I want to use Coroutine in my script. But I couldn't use "StartCoroutine" because I didn't inherit MonoBehaviour.
As far as I know, I have to inherit Monobehaviour to use Coroutine. But now I can't inherit Monobehaviour. Is there any way to use Coroutine in this situation? The same goes for the Invoke function.
CodePudding user response:
I will call what you want to achieve: a Coroutine Management feature and my understanding is that you want to include that feature inside your non-MonoBehaviour class. But thanks to my Remember quote above you cannot do it right now.

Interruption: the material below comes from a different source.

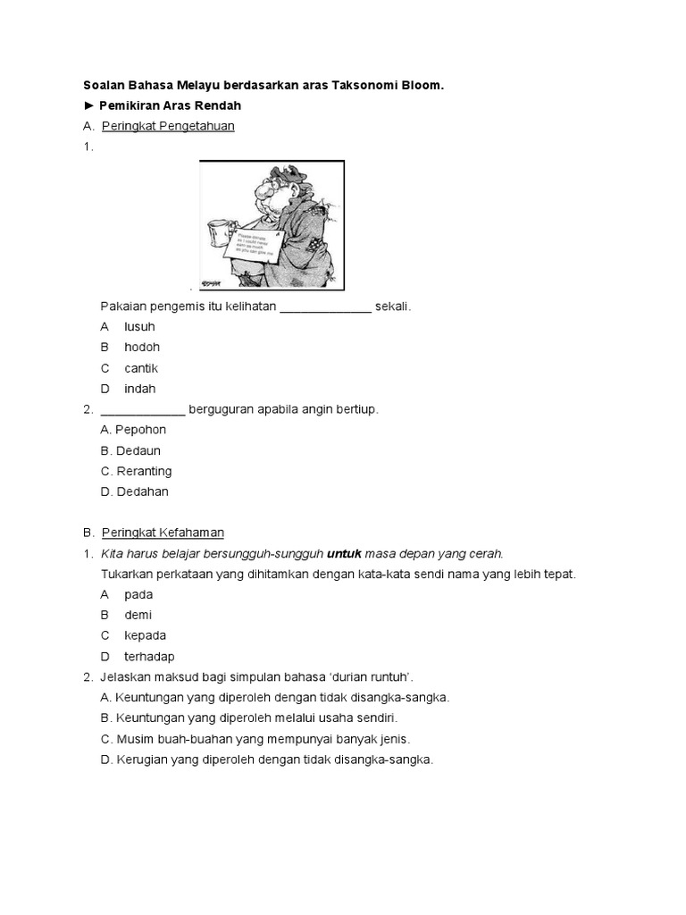 Contoh Soalan Taksonomi Bloom Bahasa Melayu

But including it in-side a .dll might be possible as a .dll can contain many classes. And you can use Access Modifiers to enforce your rules (the internal modifier is my favorite).
If I were you I would treat Coroutine Management as a separate problem and would build a .dll to handle them separately so that it would not mess up with my game-play business.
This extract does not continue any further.